Just in general I have a hard time with imports in rust. ChatGpt seems to give me incorrect use statements very often...
I know that I need to use "Demuxer" and "DemuxerOptions" and I know they should be exported from somewhere in the symphonia crate... but I don't know how to find the correct path so I can actually use these Demuxer things.
Symphonia has a bit confusing docs layout, since their symphonia crate re-exports symphonia-core.

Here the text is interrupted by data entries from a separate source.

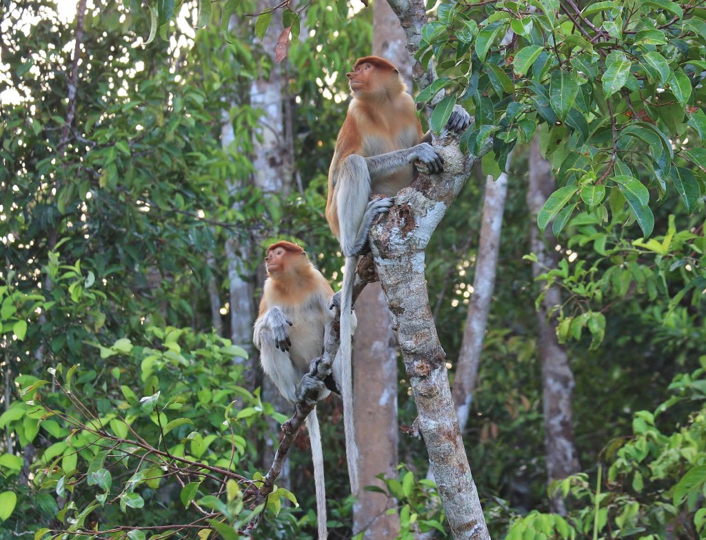 Les nasiques n’ont qu’un seul petit par portée. La femelle du premier plan garde un oeil sur le mâle dominant.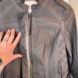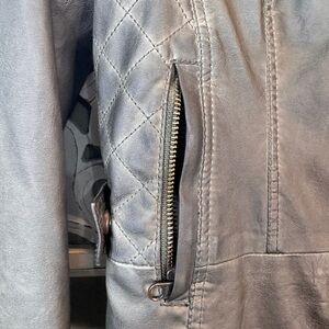 Hei Hei Faux Leather Jacket Zip Button Quilted Small Gray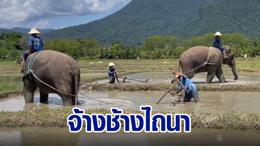 แปลกแต่จริง! เจ้าของโฮมสเตย์จ้างช้าง2 เชือกไถนา หลังเจอพิษโควิด ทำตกงานนานกว่า 2 ปี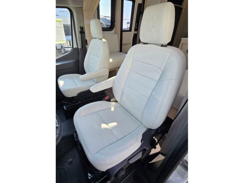 With any Leisure Travel Wonder Class B+ gas motorhome, the construction includes vacuum bonded aluminum framed insulated contoured sidewalls and a domed roof with fiberglass exterior, and a floor with composite exterior on a Ford Transit dual rear wheel chassis. Some highlights include the 16" heavy-duty forged aluminum alloy wheels, the auto high-beam headlamps, and the advance active safety features. The interior offers the SYNC 4 navigation system, curved soft close overhead cabinetry doors with hidden catches, full extension ball bearing soft close drawer tracks, LED aisle lighting and above cabinet hidden accent lights, and tile look vinyl flooring throughout for style and easy care. Optional AWD is available, along with the optional 60th Anniversary Edition decor and exterior color, solar panels for off-grid capability, a battery upgrade, and more!
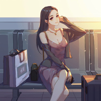 personal items around her, including what looks like a handbag and a camera bag, which might indicate that she is either coming from or going to some sort of photography activity. The background suggests an outdoor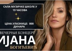 Jedan od najmoćnijih vokala domaće scene, Tijana Bogićević održaće koncert u petak, 13. februara u sali Muzičke škole sa početkom u 19 časova. Ulaznice po ceni od 800 dinara mogu se kupiti na blagajni Ustanove „Centar za kulturu grada Bora“ od utorka 10. februara, radnim danima od 8 do 14 časova. Nakon serije uspešnih koncerata širom regiona u njenoj emotivnoj i autentičnoj interpretaciji uživaće i publika u Boru.

You might want to file an issue on their tracker: this problem can be fixed by adding #[doc(inline)] to make their docs show core as a module.
In this case not appearing in the docs seems appropriate, as searching for "DemuxerOptions" in symphonia's docs and GitHub repository brings up zero results, and searching for 'symphonia "DemuxerOptions"' on Google brings up one result; this thread. Actually, just 'Rust "DemuxerOptions"' also only brings up this thread.
Since you mentioned ChatGPT, I'm guessing that these are nonexistent structs hallucinated by the chat bot. I asked it to write "an example of demuxing using Rust's symphonia library" and it dreamt up a Demuxer and a DemuxerBuilder, neither of which exist, alongside a host of other made up types and functions. Another way to say that you should be familiar with the language if you're going to use ChatGPT is that you need to be able to recognise when it's wrong (which is very often).
Are they hallucinated or are they just in another crate? I guess I am using the wrong ai tool to help me?
It is very frustrating that the crate docs is simply a statement that declares the crate can do everything audio related, but I can't find any example anywhere of how to do something as simple as read in an mp3 audio file and write it to another file...
'Rust "DemuxerBuilder"' has zero hits on Google, so I believe it doesn't exist at all. I think ChatGPT is more concerned with creating convincing, human-like text than factually correct output, though the two do overlap quite a bit.
I've tried using it a couple of times but I never had any success with it, whether it was for Rust, TypeScript or a rough pseudocode outline for an algorithm. I think it really depends on how many times it has seen the same or similar problems in its learning material. Another AI tool I've seen people use for programming is GitHub Copilot but I've never tried it myself.